Characterization of atrial fibrillation linked mutations using the Na v 1.5 knock-out of atrial cardiomyocytes derived from iPSCs.

Atrial fibrillation (AF) is the most common cardiac arrhythmia diagnosed and affects more than 33 million on people word wide. AF increases the risk of heart failure and myocardial infarction. Some studies carried out on HEK293 cells and murine models have shown that SCN5A mutations are linked to AF. However, the mechanism by which NaV1.5 mutations generate cardiac arrhythmias is still to be elucidated. Human induced pluripotent stem cells (hiPSCs) hold great promise to model NaV1.5-linked AF mutations and recapitulate the functional changes. Previously, our laboratory established an NaV1.5 knock-out (KO) iPSC line with CRISPR/Cas9 technology. In this study, atrial cardiomyocytes (iPSC-aCMs) were differentiated from the Control and NaV1.5 KO iPSC lines. We aim to characterise the atrial statue of the iPSC-aCMs, and then, use the model to express two AF Nav1.5-linked mutations (K1493R and M1875T). To verify that NaV1.5 protein expression was suppressed, immunocytofluorescence and Western blot analysis were performed. Action potentials (APs) recordings in current-clamp mode showed that APs from the NaV1.5 KO iPSC-aCMs exhibited a significant decrease of the AP overshoot and the upstroke velocity. Voltage-clamp analysis in NaV1.5/K1493R-transfected KO iPSC-aCMs showed a shift of the steady-state activation toward hyperpolarized voltage while the NaV1.5/M1875T expression provoked an increase of the Na+ current density and a shift of the steady-state inactivation toward depolarized voltage.
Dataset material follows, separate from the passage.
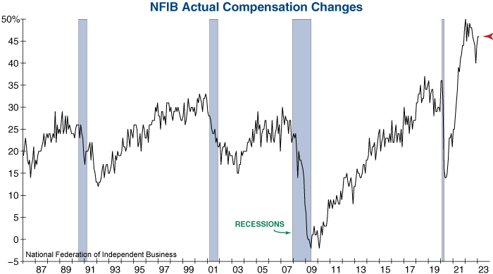Unfortunately for the Fed, small businesses are reporting that wage growth remains robust. According to the latest survey from the National Federation of Independent Business (NFIB), 46% of small businesses reported raising compensation within the last three months, one of its highest readings since the data series’ inception in 1986. So, while there are early signs that the labor market has started to cool, it has not yet shown through in wages.

These alterations increase the window current which indicate a channel gain-of-function. The AP recordings showed a decrease of the depolarization threshold corresponding to a cellular excitability increase. 61 and 80 % of NaV1.5/K1493R and /M1875T-transfected iPSC-aCMs respectively, exhibited arrhythmic events such as early and delayed afterdepolarizations (EADs and DADs). Our results confirm that the gain-of-function by shifting of the activation and inactivation properties is the cause of AF.